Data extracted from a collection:
»»

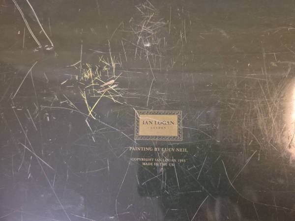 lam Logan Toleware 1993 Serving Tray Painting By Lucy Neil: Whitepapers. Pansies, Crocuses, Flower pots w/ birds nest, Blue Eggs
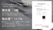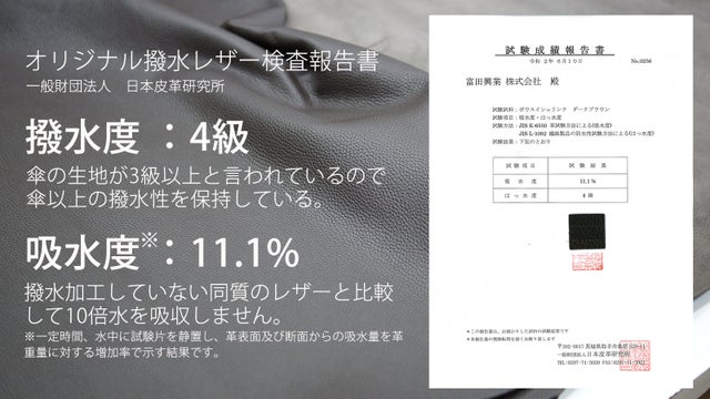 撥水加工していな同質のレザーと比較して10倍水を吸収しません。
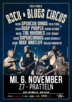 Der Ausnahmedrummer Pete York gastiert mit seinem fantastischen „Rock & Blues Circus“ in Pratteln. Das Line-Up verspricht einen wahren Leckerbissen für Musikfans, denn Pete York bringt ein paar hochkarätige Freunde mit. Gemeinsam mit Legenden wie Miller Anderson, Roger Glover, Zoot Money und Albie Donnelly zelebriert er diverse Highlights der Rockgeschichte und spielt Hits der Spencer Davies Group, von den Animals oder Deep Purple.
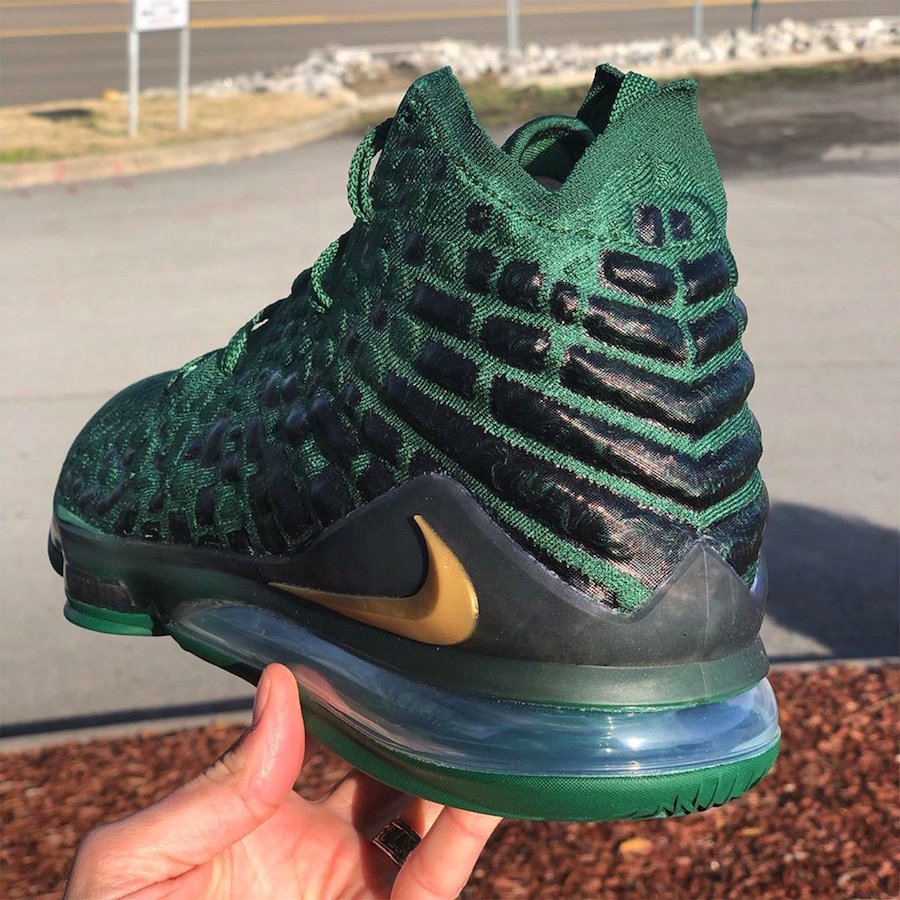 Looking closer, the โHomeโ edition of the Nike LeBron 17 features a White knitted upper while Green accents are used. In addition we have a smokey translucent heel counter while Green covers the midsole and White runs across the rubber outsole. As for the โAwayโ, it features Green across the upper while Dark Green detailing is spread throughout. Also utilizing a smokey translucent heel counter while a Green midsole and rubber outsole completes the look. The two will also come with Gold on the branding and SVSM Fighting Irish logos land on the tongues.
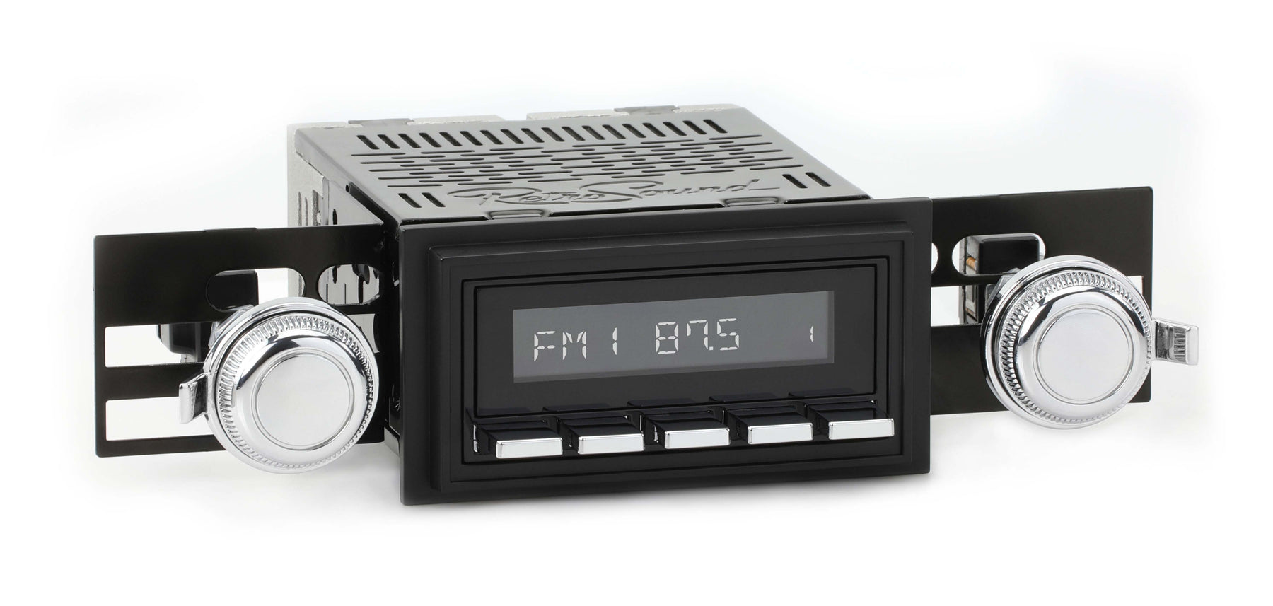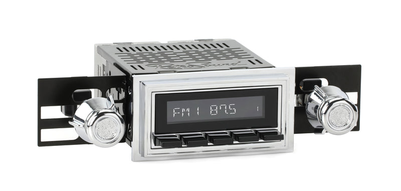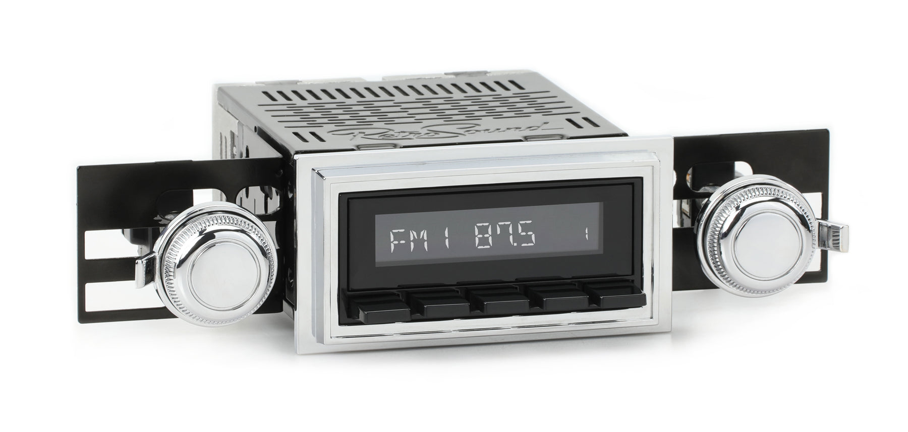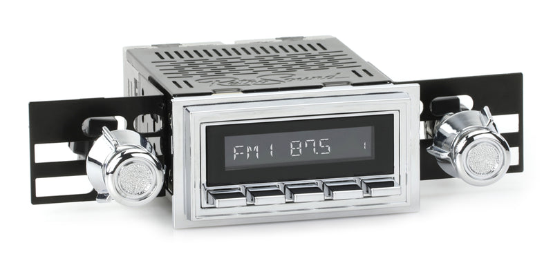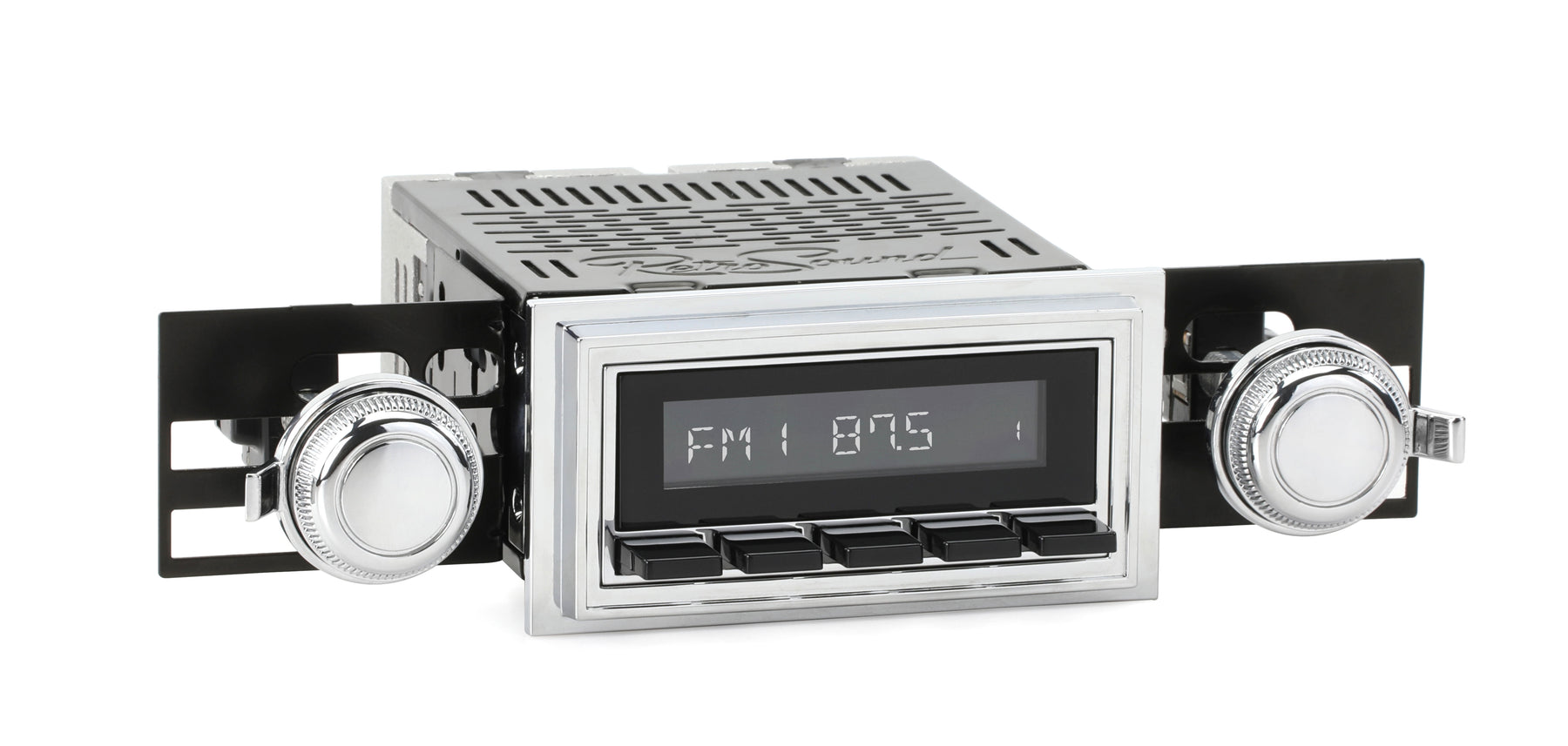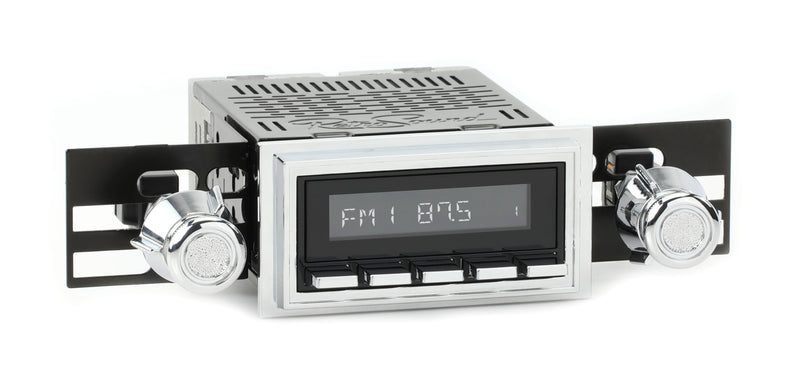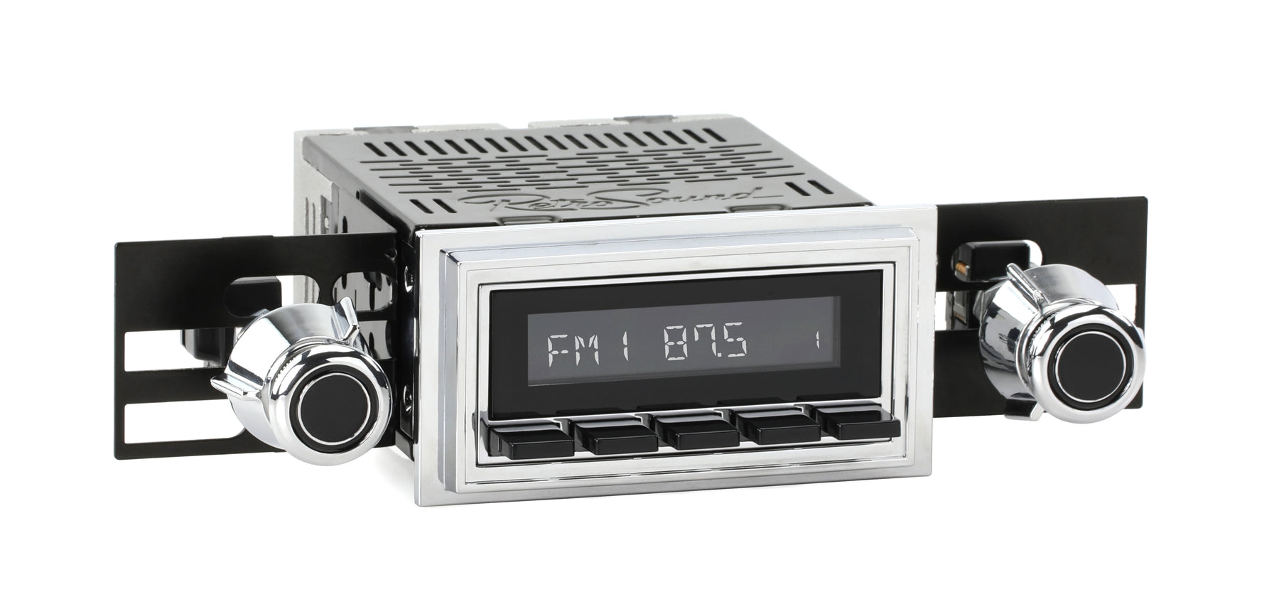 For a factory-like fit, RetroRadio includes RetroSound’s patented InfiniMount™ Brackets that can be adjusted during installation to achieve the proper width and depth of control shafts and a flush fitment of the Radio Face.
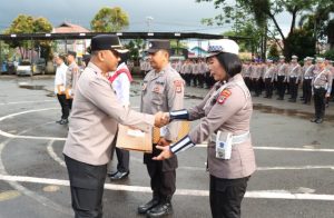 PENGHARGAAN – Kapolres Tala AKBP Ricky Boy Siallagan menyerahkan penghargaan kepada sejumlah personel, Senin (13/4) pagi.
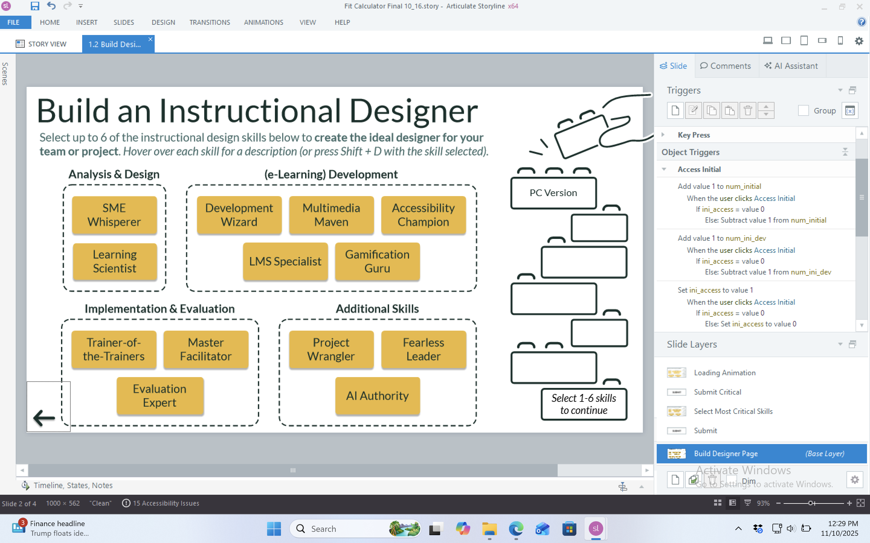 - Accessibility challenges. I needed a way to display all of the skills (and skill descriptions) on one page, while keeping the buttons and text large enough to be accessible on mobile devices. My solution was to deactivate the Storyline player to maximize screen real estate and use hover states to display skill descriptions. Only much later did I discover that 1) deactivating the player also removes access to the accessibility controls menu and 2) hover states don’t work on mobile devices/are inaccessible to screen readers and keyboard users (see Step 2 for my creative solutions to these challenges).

««

Write the records out again exactly as shown above, keeping no pictures.

 lam Logan Toleware 1993 Serving Tray Painting By Lucy Neil: Whitepapers. Pansies, Crocuses, Flower pots w/ birds nest, Blue Eggs
 撥水加工していな同質のレザーと比較して10倍水を吸収しません。
 Der Ausnahmedrummer Pete York gastiert mit seinem fantastischen „Rock & Blues Circus“ in Pratteln. Das Line-Up verspricht einen wahren Leckerbissen für Musikfans, denn Pete York bringt ein paar hochkarätige Freunde mit. Gemeinsam mit Legenden wie Miller Anderson, Roger Glover, Zoot Money und Albie Donnelly zelebriert er diverse Highlights der Rockgeschichte und spielt Hits der Spencer Davies Group, von den Animals oder Deep Purple.
 Looking closer, the โHomeโ edition of the Nike LeBron 17 features a White knitted upper while Green accents are used. In addition we have a smokey translucent heel counter while Green covers the midsole and White runs across the rubber outsole. As for the โAwayโ, it features Green across the upper while Dark Green detailing is spread throughout. Also utilizing a smokey translucent heel counter while a Green midsole and rubber outsole completes the look. The two will also come with Gold on the branding and SVSM Fighting Irish logos land on the tongues.
 For a factory-like fit, RetroRadio includes RetroSound’s patented InfiniMount™ Brackets that can be adjusted during installation to achieve the proper width and depth of control shafts and a flush fitment of the Radio Face.
 PENGHARGAAN – Kapolres Tala AKBP Ricky Boy Siallagan menyerahkan penghargaan kepada sejumlah personel, Senin (13/4) pagi.
 - Accessibility challenges. I needed a way to display all of the skills (and skill descriptions) on one page, while keeping the buttons and text large enough to be accessible on mobile devices. My solution was to deactivate the Storyline player to maximize screen real estate and use hover states to display skill descriptions. Only much later did I discover that 1) deactivating the player also removes access to the accessibility controls menu and 2) hover states don’t work on mobile devices/are inaccessible to screen readers and keyboard users (see Step 2 for my creative solutions to these challenges).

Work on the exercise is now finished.